__Data block__
——————

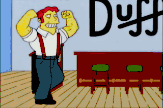 From juggernauts in Hollywood, California, Titania. And now, the local lug who fills your mug with the drug you chug-- oh, yeah-- give it up for Moe Szyslak. Hello, Springfield. How ya--
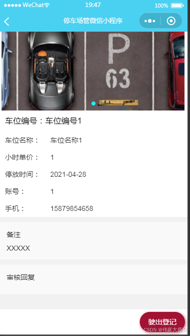 用户进入指定功能操作区之后可以查看车辆停放信息。其页面见下图。用户查看车辆停放,查看管理员审核信息,可以点击页面右下角的驶出登记按钮登记车辆驶出信息。
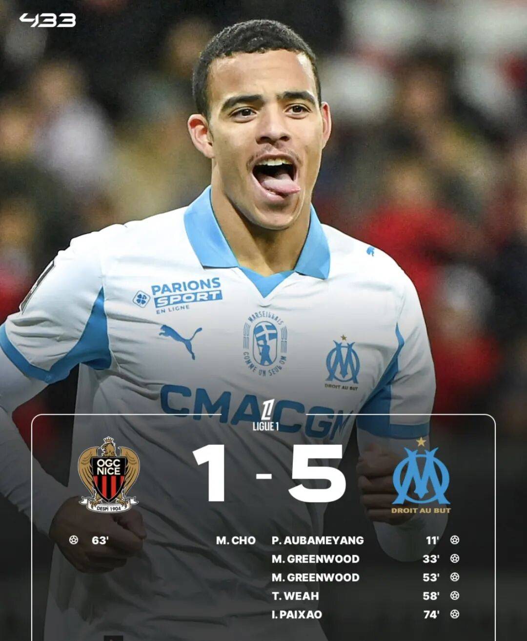 法甲赛联进行到第13轮时,格林伍分德别打进球足2个,做客的赛马队以5比1的比分,打败斯尼了队。
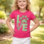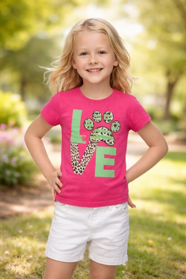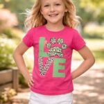 Kız Çocuk Love Desenli T – Shirt – Renk Seçenekleri Mor, Pembe, Mavi – Pamuk Malzeme – Günlük Kullanım – Sevimli Detaylar

——————

__About this task__
Omitting all pictures, retype exactly the lines from the line containing "法甲赛联进行到第13轮时,格" down to the last line above, both ends included.

__Solution to the problem__
 法甲赛联进行到第13轮时,格林伍分德别打进球足2个,做客的赛马队以5比1的比分,打败斯尼了队。
 Kız Çocuk Love Desenli T – Shirt – Renk Seçenekleri Mor, Pembe, Mavi – Pamuk Malzeme – Günlük Kullanım – Sevimli Detaylar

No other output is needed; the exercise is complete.